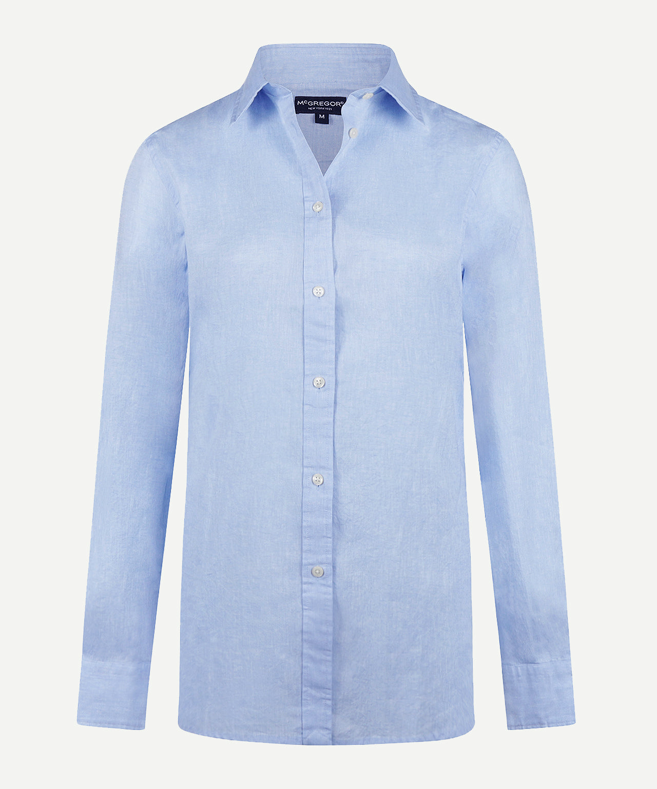 Deze katoen-linnen blouse is een ideale keuze voor warmere dagen. De mix van katoen en linnen zorgt voor een luchtig en ademend draaggevoel, terwijl de stof licht en comfortabel aanvoelt. Met een regular fit pasvorm, lange mouwen en een klassieke kraag heeft de blouse een tijdloze en verzorgde uitstraling. Het minimalistische design en het subtiele McGregor-logo maken dit een veelzijdig item dat eenvoudig te combineren is.
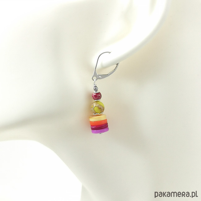 Kolorowe kolczyki z plasterkami masy perłowej (8x1,5mm) i jaspisem cesarskim (6mm i 4mm). Wygodne, zapinane bigle angielskie. Wykonane ze srebra próby 925. Długość całkowita z biglami 4,5cm. Opakowane w pudełeczko firmowe.
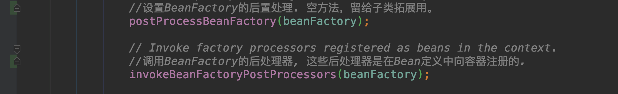 进入到refresh方法里面,这里包含了容器启动的全部大致流程,下图这两个是准备BeanFactory和执BeanFactoryPostProcessor的后置处理器后置方法PostProcessorBeanFactory的调用,如果我们自定义了一个BeanFactoryPostProcessor的实现类,那个执行顺序是先执行BeanFactoryPostProcessor实现类的构造器,然后执行BeanFactoryPostProcessor实现类的后置方法PostProcessorBeanFactory,并且这个后置处理器的执行时机是在最前面的,优于InstatiationAwarePostProcessor、BeanPostProcessor、InitializationBean、@PostConstruc等。

Task brief =
Leave out the pictures and retype every line above exactly.

Output of the exercise =
 Deze katoen-linnen blouse is een ideale keuze voor warmere dagen. De mix van katoen en linnen zorgt voor een luchtig en ademend draaggevoel, terwijl de stof licht en comfortabel aanvoelt. Met een regular fit pasvorm, lange mouwen en een klassieke kraag heeft de blouse een tijdloze en verzorgde uitstraling. Het minimalistische design en het subtiele McGregor-logo maken dit een veelzijdig item dat eenvoudig te combineren is.
 Kolorowe kolczyki z plasterkami masy perłowej (8x1,5mm) i jaspisem cesarskim (6mm i 4mm). Wygodne, zapinane bigle angielskie. Wykonane ze srebra próby 925. Długość całkowita z biglami 4,5cm. Opakowane w pudełeczko firmowe.
 进入到refresh方法里面,这里包含了容器启动的全部大致流程,下图这两个是准备BeanFactory和执BeanFactoryPostProcessor的后置处理器后置方法PostProcessorBeanFactory的调用,如果我们自定义了一个BeanFactoryPostProcessor的实现类,那个执行顺序是先执行BeanFactoryPostProcessor实现类的构造器,然后执行BeanFactoryPostProcessor实现类的后置方法PostProcessorBeanFactory,并且这个后置处理器的执行时机是在最前面的,优于InstatiationAwarePostProcessor、BeanPostProcessor、InitializationBean、@PostConstruc等。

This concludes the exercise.